С помощью MarvinSketch получите изображение основания, выделите красным цветом атомы, смотрящие в сторону большой бороздки, синим - в сторону малой. Посмотрите, как в файле PDB называются эти атомы, и приведите на html странице резюме следующего вида:
 * В сторону большой бороздки обращены атомы с13.n4,....... (13 - номер выбранной позиции)
 * В сторону малой бороздки обращены атомы ......."


Скопируйте в отчет следующую таблицу. Изучите структуры, полученные данные внесите в таблицу.

||<tablestyle="background-color:#F0F0F0">  || A-форма || B-форма || Z-форма ||
|| Тип спирали (правая или левая) ||  ||  ||  ||
|| Шаг спирали (Å) ||  ||  ||  ||
|| Число оснований на виток ||  ||  ||  ||
|| Ширина большой бороздки ||  ||  ||  ||
|| Ширина малой бороздки ||  ||  ||  ||

При заполнении двух нижних строк указывайте, от фосфата какого нуклеотида измерялась ширина бороздок.

[[../help2| См. подсказки.]]

----

=== Задание 3 (обязательное, * отмечены упражнения, результаты которых необходимо привести в отчёте) ===

 Определение параметров структур нуклеиновых кислот с помощью программ пакета 3DNA.

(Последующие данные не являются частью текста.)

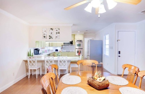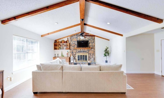The fully equipped kitchen is ready for preparing family meals, and the dining area offers plenty of seating for everyone to enjoy. With its cozy atmosphere, charming details, and spacious design, this home is the perfect place to create lasting memories during your stay in Longview. Whether you're spending quality time together indoors or relaxing on the back patio, our home offers a delightful retreat that you'll want to return to again and again.
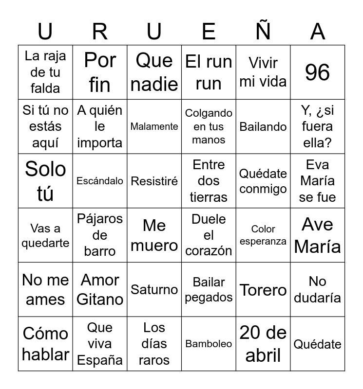 This bingo card has 90 words: Libre, Mediterráneo, Eva María se fue, Cuando zarpa el amor, La Macarena, La bicicleta, Clavaíto, Torero, Me gustas tú, Vivan los novios, Rayando el sol, Vivan España, Que viva España, Resistiré, La chica ye-yé, A quién le importa, Bailar pegados, 20 de abril, La puerta de Alcalá, Fiesta, Corazón partío, La flaca, Color esperanza, Granada, Bailando, Duele el corazón, Mariposa tecknicolor, No dudaría, Lía, Solo tú, Cómo hablar, Pájaros de barro, Insurrección, Entre dos tierras, La raja de tu falda, El run run, Que nadie, Tu enemigo, Y, ¿si fuera ella?, Colgando en tus manos, Me muero, 96, Los días raros, Quédate, Mon amour, Vas a quedarte, Lo malo, Teléfono, Nada sale mal, Despechá, Motomami, Malamente, Se nos rompió el amor, Como una ola, Señora, Qué sabe nadie, Escándalo, Yo soy aquel, Volare, Bamboleo, Amor Gitano, Soy yo, 90 minutos, Vencer al amor, Mi persona favorita, Antes muerta que sencilla, Bulería, Ave María, Lloraré las penas, El alma en pie, Quédate conmigo, Solo tú, Saturno, Solamente tú, Por fin, Si tú no estás aquí, El talismán, A fuego lento, Cómo quieres que te quiera, Algo contigo, No me ames, Vivir mi vida, Valió la pena, Bailando, Salta, Me colé en una fiesta, Hijo de la luna, Mujer contra mujer, Aire and Cruz de navajas.
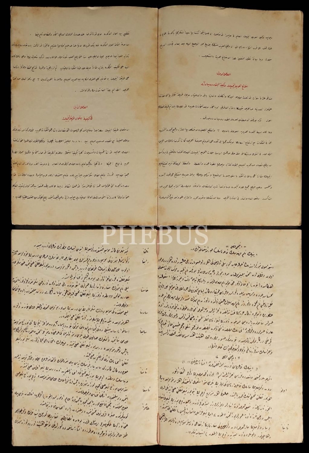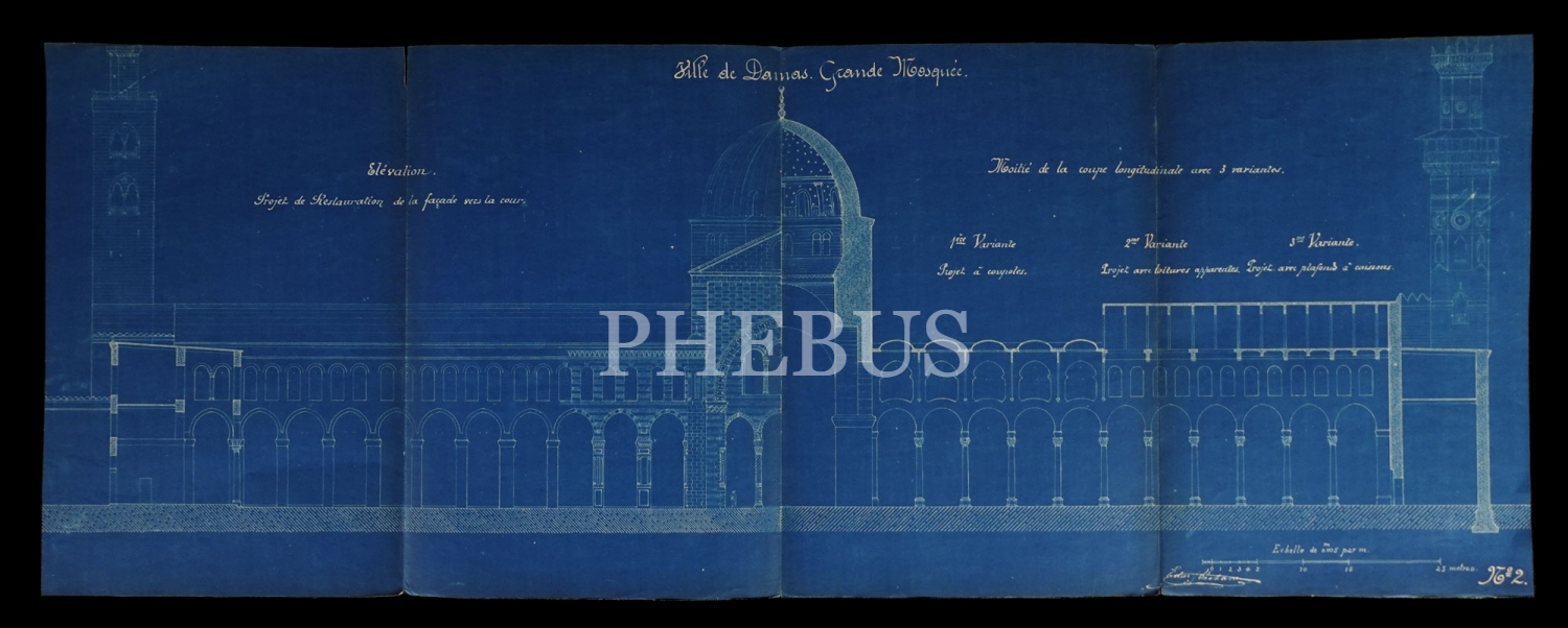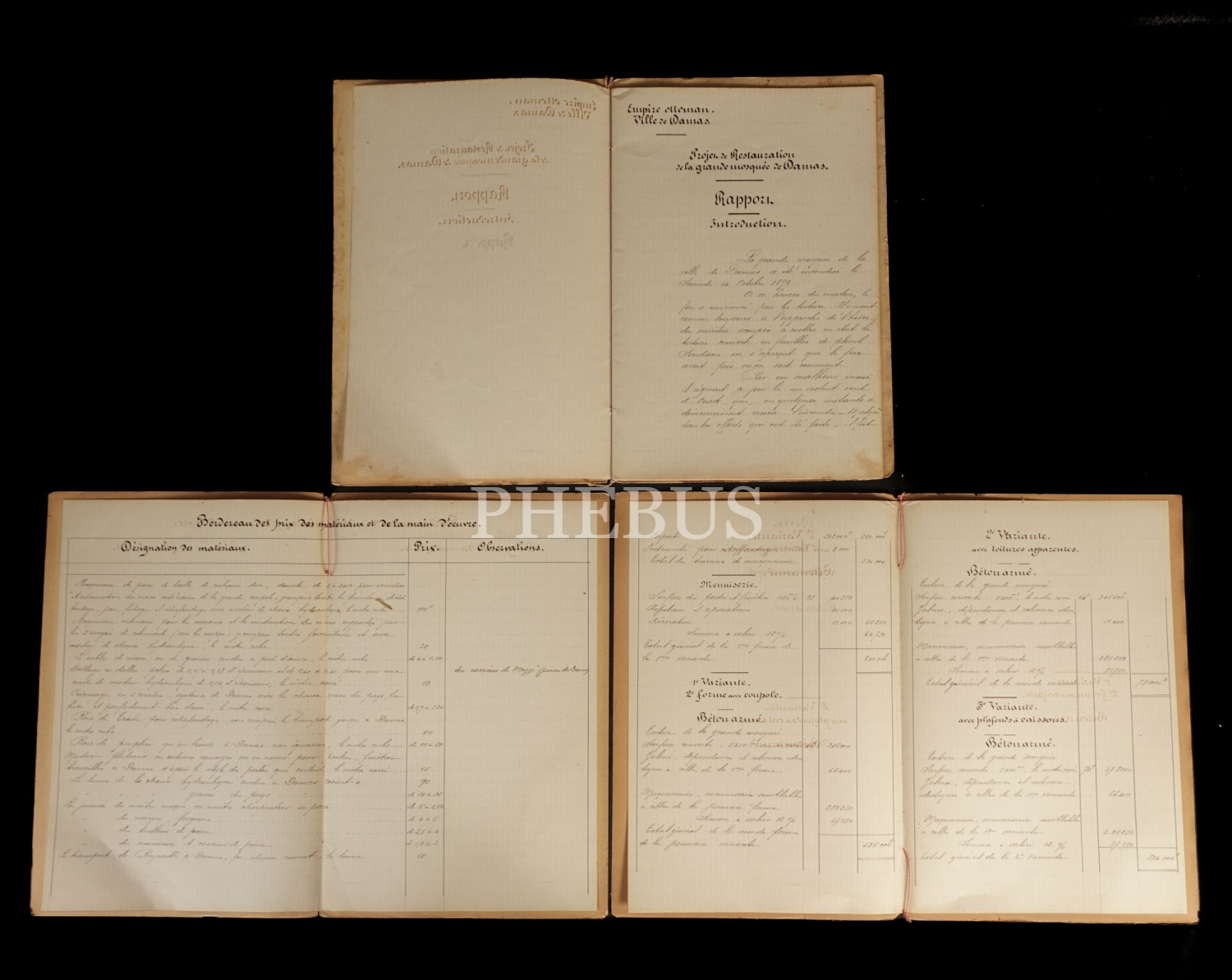 15 Eylül 1893 tarihinde yanan Şam Emeviyye Camii´nin restorasyonuna dair çok sayıda belge içeren 10 adet Fransızca rapor ile raporların Osmanlıca ve Arapça tercümeleri, 23x32 cm...

Внимание! Пакет 3DNA пока работает только со старым форматом PDB. Для перевода файлов в старый формат используйте программу remediator, установленную на kodomo.
Синтаксис:

{{{#!highlight bash
remediator --old ''XXXX.pdb'' > ''XXXX_old.pdb
}}}

Для анализа структур нуклеиновых кислот будем использовать программы find_pair и analyze. См. подсказки. . 

'''Упр.1. *'''
 * Научиться определять торсионные углы нуклеотидов.
 * Определить значения торсионных углов в заданной структуре тРНК; определить, на какую из форм ДНК больше всего похожи тяжи  этой структуры.

'''Упр.2. *'''

 * Научиться определять структуру водородных связей между основаниями, в отчете надо привести координаты стеблей. 
 * Определить номера нуклеотидов, образующих стебли(stems) во вторичной структуре заданной тРНК.
 * Определить неканонические пары оснований в структуре тРНК. 
 * Определить, есть дополнительные водородные связи в тРНК, стабилизирующие ее третичную структуру (для этого следует рассмотреть комплементарные пары, не имеющие отношения к стеблям).

''' Упр.3. '''

Научиться находить возможные стекинг-взаимодействия:

 * Откройте файл ХХХХ.out с характеристикой структуры тРНК.
 * Найдите данные о величине площади "перекрывании" 2-х последовательных пар азотистых оснований. Для пар с наибольшими значениями получите стандартное изображение стекинг-взаимодействия. 

Полезно также:
 * сравнить изображения с максимальной и минимальной площадью перекрывания;
 * проверить взаимную ориентацию оснований с помощью JMol.